Three superbugs — bacteria that cannot be killed by the best available drug — were detected in Japan, France and Spain, according to the WHO.

"We need to be more vigilant now," Wi told reporters in a phone briefing.

Each year, about 78 million people worldwide are infected with gonorrhea, the WHO said. In the United States, the Centers for Disease Control and Prevention estimates there are 820,000 new gonorrhea infections each year.

Data from 77 countries collected by WHO shows there is a widespread resistance to older, cheaper antibiotics and in some countries, the infection has became "untreatable by all known antibiotics," the international health organization said in the news release.

Earlier this year, gonorrhea was named among 11 types of bacteria that health experts believe pose the greatest threats to human health because they are in urgent need of new antibiotics.

Marc Sprenger, WHO's director of antimicrobial resistance, said there's an urgent need for drugs and tests to prevent, diagnose and treat gonorrhea.

More specifically, Sprenger said, the health community needs new antibiotics, a long term vaccine to prevent the infection and tests that will predict with accuracy if an antibiotic will work on a particular infection.

Gonorrhea has developed resistance to nearly every class of antibiotics used to treat it such as penicillin, tetracycline and fluoroquinolones, the CDC said.

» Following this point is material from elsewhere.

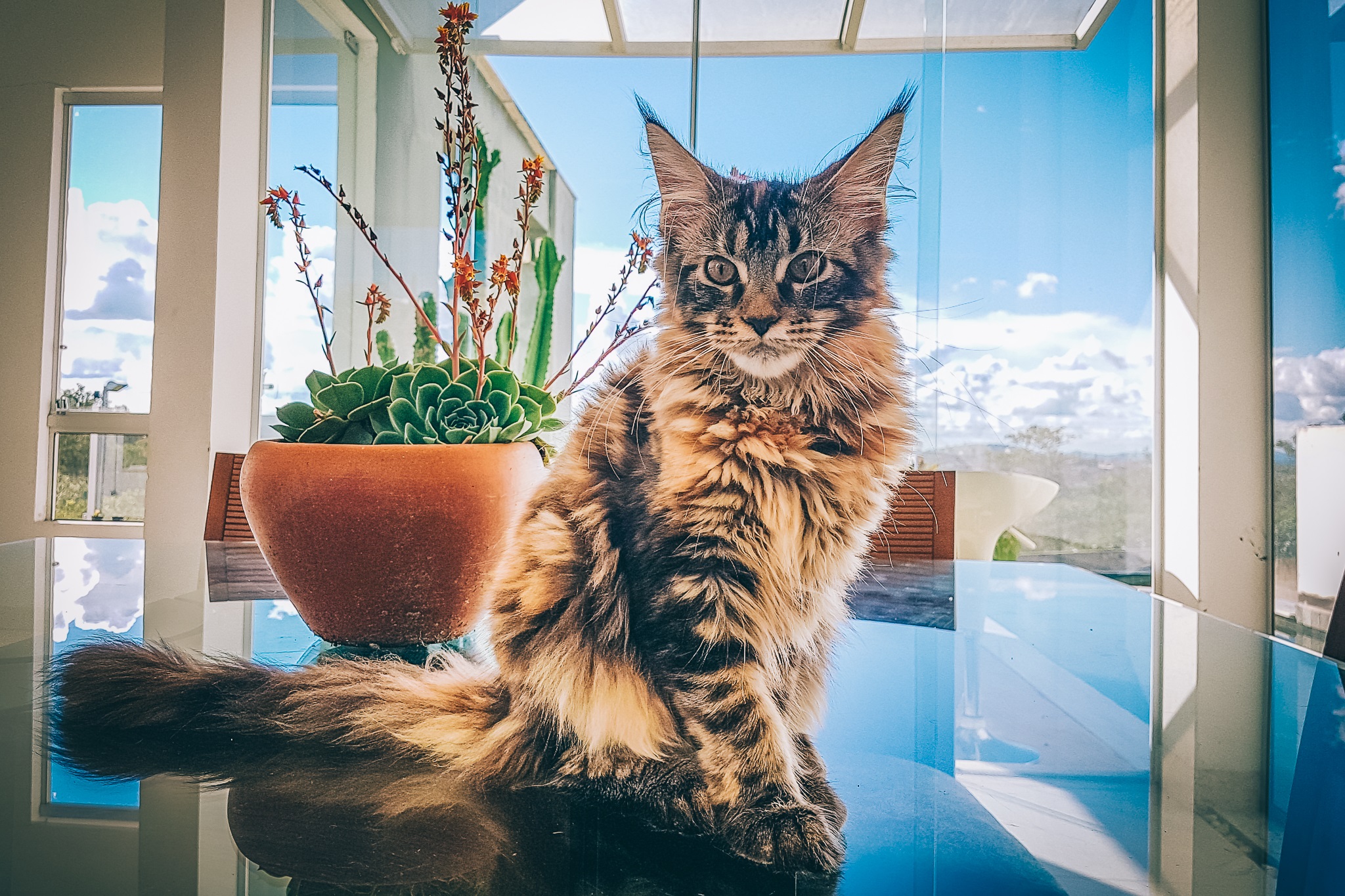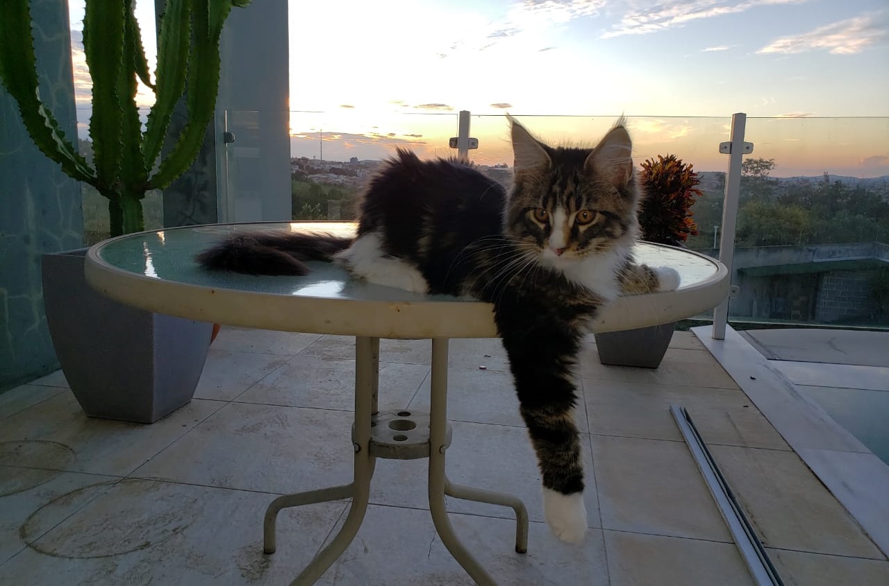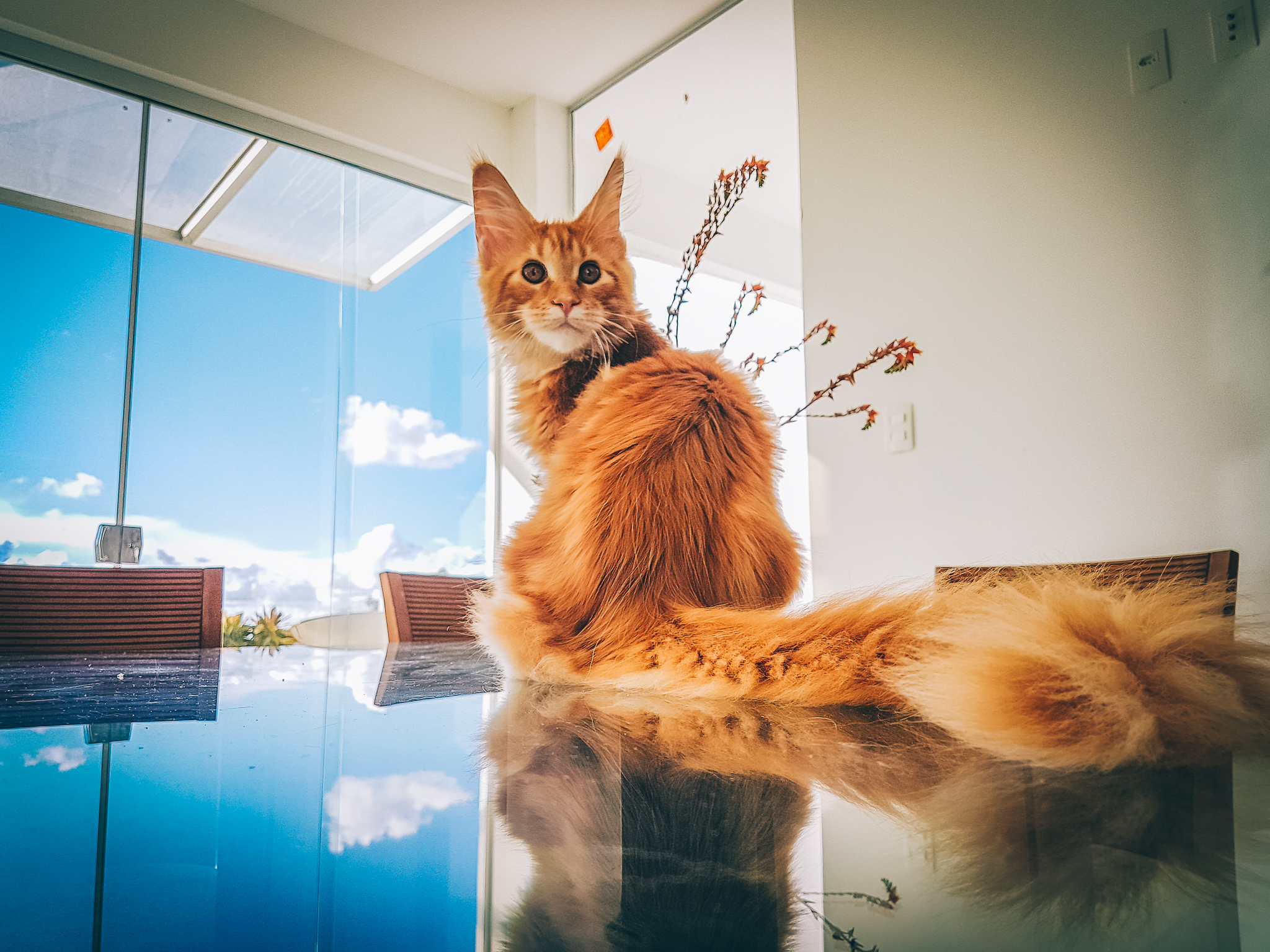 Somos um lar onde vivem Maine Coons. Descobrimos ter em comum a paixão por eles. São gatos grandes com visual selvagem, porém dóceis, meigos, amigáveis e companheiros. Conhecido como o gigante gentil.

"It's important to understand that ever since antibiotics appeared on the scene, Neisseria gonorrhoeae has been fairly quick in developing resistance to all the classes of antibiotics that have been thrown at it," Manica Balasegaram, director of the Global Antibiotic Research and Development Partnership, told reporters.

From 2009-2014 the WHO says that several countries discovered a widespread resistance to drugs used to treat gonorrhea like ciprofloxacin, azithromycin and even last resort treatments such as extended-spectrum cephalosporins (ESCs), the health organization said.

In 2016, the organization began advising doctors to switch to a two-drug combination: ceftriaxone and azithromycin after more than 50 countries reported that ESCs were no longer effective in some cases.

Why drugs stop working?

The sexually transmitted infection is becoming resistant to the usual recommended treatments around the world and creating new antibiotics is "not very attractive for commercial pharmaceutical companies," the WHO said.

Gonorrhea symptoms include a burning sensation when urinating and unusual discharge from the penis or vagina. Left untreated, the infection can cause serious health problems including long-term abdominal pain and pelvic inflammatory disease, which could lead to ectopic pregnancy and infertility.

But most people who are infected do not have any symptoms and in some cases, doctors mistakenly diagnose gonorrhea, health officials said.

Using antibiotics improperly is contributing to the development of antibiotic resistance in gonorrhea as well as other bacterial diseases, health officials said.

In the US, the CDC recommends a two-drug regimen -- ceftriaxone and azithromycin -- for treating gonorrhea.

Last year, a cluster of infections in Hawaii did not succumb as easily to the antibiotics as infections have in the past.

"Since 2005, we have seen four isolated cases that showed resistance to both drugs. But the Hawaii cases are the first cluster we have seen with reduced susceptibility to both drugs," said Paul Fulton Jr., a spokesman for the CDC.